Let me know if you have any problems or corrections.
rob
Rob,
Thanks for the instructions, a few questions.
What sort of interruption in service could this create?
Services will be restarted during this process including
your LDAP, Apache and CA instances. Downtime should be
relatively short, no more than a few minutes combined.
Can you expand on this section a little bit: Replace the
value of ca.signing.cert in /etc/pki-ca/CS.cfg. This is
the base64 value of the certificate. You can obtain this
by removing the BEGIN/END blocks from ipa.crt and
compressing it into a single line.
A PEM cert looks like:
-----BEGIN CERTIFICATE-----
MIIB/zCCAWigAwIBAgICA+gwDQYJKoZIhvcNAQEFBQAwKTEnMCUGA1UEAxMeSVBB
IFRlc3QgQ2VydGlmaWNhdGUgQXV0aG9yaXR5MB4XDTEwMDIyMzIyMzMxNVoXDTIw
MDIyMzIyMzMxNVowKTEnMCUGA1UEAxMeSVBBIFRlc3QgQ2VydGlmaWNhdGUgQXV0
aG9yaXR5MIGfMA0GCSqGSIb3DQEBAQUAA4GNADCBiQKBgQC+G6ultyLaXqzBlypA
DnOsinkMTlZZssTFQh/QUMi1F1fcn8QUlmsl9a+l6w6hfZm7P8z3sVwsjLQcDWA4
KxOh+LmIsNL4OKx4wKF1q/pSt1PATRU5Pgu2+3wlwJO0H7cl4QfavoOLwmxAZf/l
ZNIy/5czvSWFWj7EJj16ty9BeQIDAQABozYwNDARBglghkgBhvhCAQEEBAMCAAcw
DwYDVR0TAQH/BAUwAwEB/zAOBgNVHQ8BAf8EBAMCAsQwDQYJKoZIhvcNAQEFBQAD
gYEAl0gIshwNkhyfNe1XMLswPeOgH5YN1BUuKXzbv1fuSIkArjwLODr4cOdXzQvt
yaiX6Z+pRC/sK8MgLhPxV2X9QVQdzKfLkVGIdboCt1j3EXxSUCZeIuSKouitkWYe
eSH9DQkYDp/oKgANLWnY7CNorPz6xQktp1pB0DGohV1BeTA= -----END
CERTIFICATE-----
You need to drop the BEGIN/END blocks then combine all the
lines into a single line, so you have a unified base64
blog. It will look like:
ca.signing.cert=MII...B0DGohV1BeTA=
I was afraid wrapping woudl destroy my demonstration so I
used ellipses instead.
Thanks and happy Thanksgiving,
You're welcome. You too.
rob
Ok I have done the steps as outlined. One small suggestion
and one question came up.
Suggestion: for the ldapmodify command indicate that a ctl-d
is necessary to end input. Most folks will know this, but
some may not.
For the client section you have me copy the newly signed
subordnate CA certificate into /etc/ipa/ca.crt. However, on
my hosts that was actually a copy of the AD CS certificate,
not the subordinate certificate.

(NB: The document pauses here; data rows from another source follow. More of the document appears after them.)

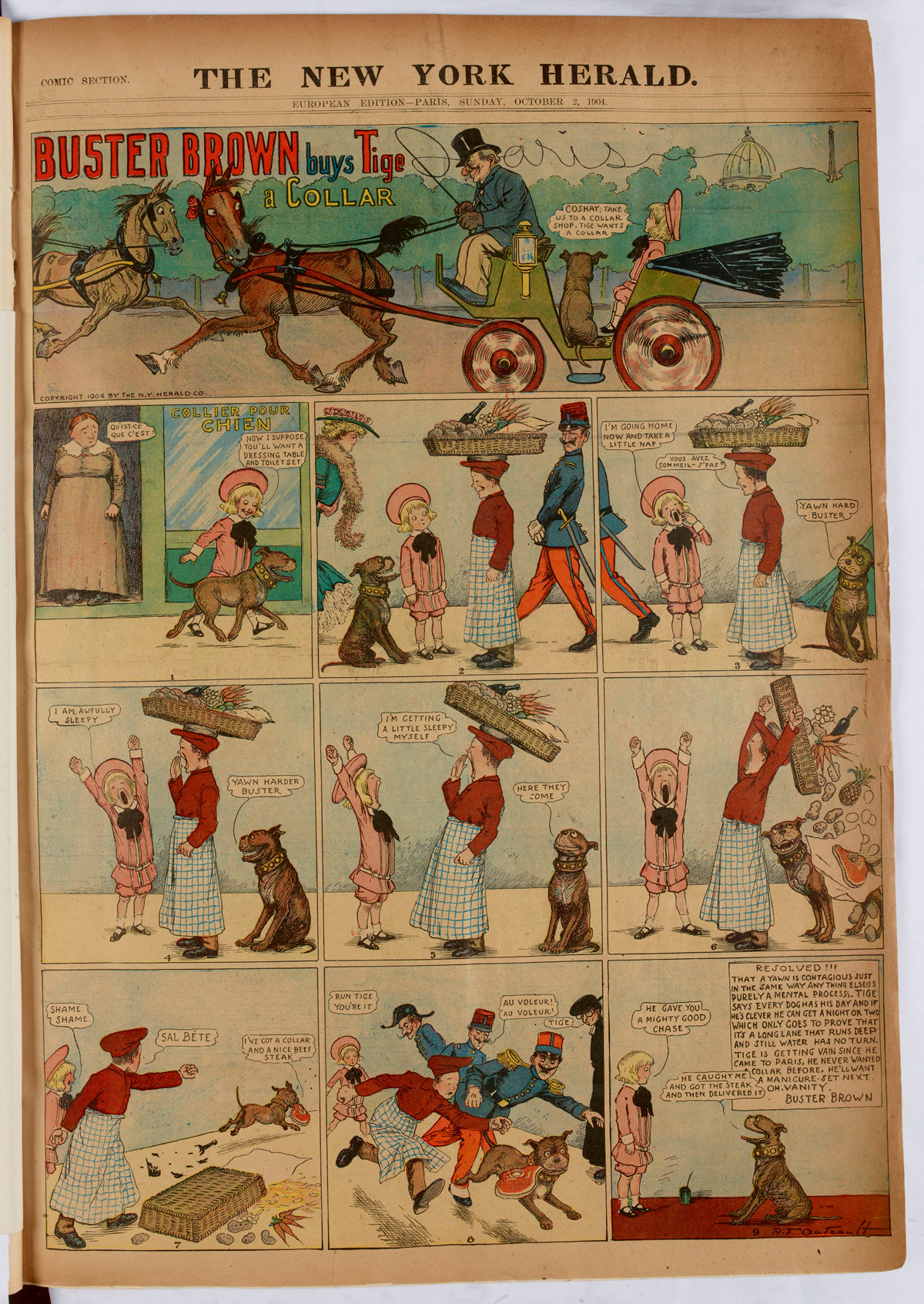 R.F. Outcault, « Buster Brown Buys Tige a Collar », New York Journal, éd. européenne, 2 octobre 1904. Source : Gallica.bnf.fr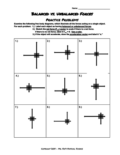Balanced vs. Unbalanced Forces - Physics Classroom Balanced vs. Unbalanced Forces The Balanced vs. Unbalanced Forces Concept Builder is a tool that allows the learner to relate kinematic information regarding the motion of an object to the relative strength of the forces acting upon the object. There are 12 different situations to analyze and three ability levels.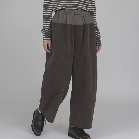 ウエスト部分には裏毛起毛素材を使用し、異素材の切り替えがさりげないアクセントに。

In the case of a subordinate
installation do you want the root or the subordinate CA? It
would seem that the root would be broader, but I just want to
make sure.
The IPA CA cert should be sufficient.
rob
Thanks, and just for an update, the switch over was made,
certmonger is happily updating certs now on all hosts and
everything just appears to be working thus far, minus the
replication of the agent certificate which I am still looking
into.
Thanks for the help,
-Erinn
Great, I am glad to hear that. Note that we were investigating
renewing certificates and clones and found out an issue in Python
readline that prevented a renewal of the IPA agent certificate:
https://fedorahosted.org/freeipa/ticket/4064
Could this be the reason of your issues? Did you saw a crash of
certmonger during the renewal? It was found out to be happening due
to the aforementioned bug.
Thanks, Martin
That seems very likely, however abrt didn't catch anything, and there
doesn't appear to be any tmp file wreckage left anywhere. I can't find
anything in the logs indicating failure, all signs point to success
for the renewal:
Dec 3 20:47:25 ipa2 certmonger: Certificate named "Server-Cert" in
token "NSS Certificate DB" in database "/etc/dirsrv/slapd-ABAQIS-COM"
will not be valid afte
r 20131210032326.
Dec 3 20:47:25 ipa2 certmonger: Certificate named "Server-Cert" in
token "NSS Certificate DB" in database "/etc/dirsrv/slapd-PKI-IPA"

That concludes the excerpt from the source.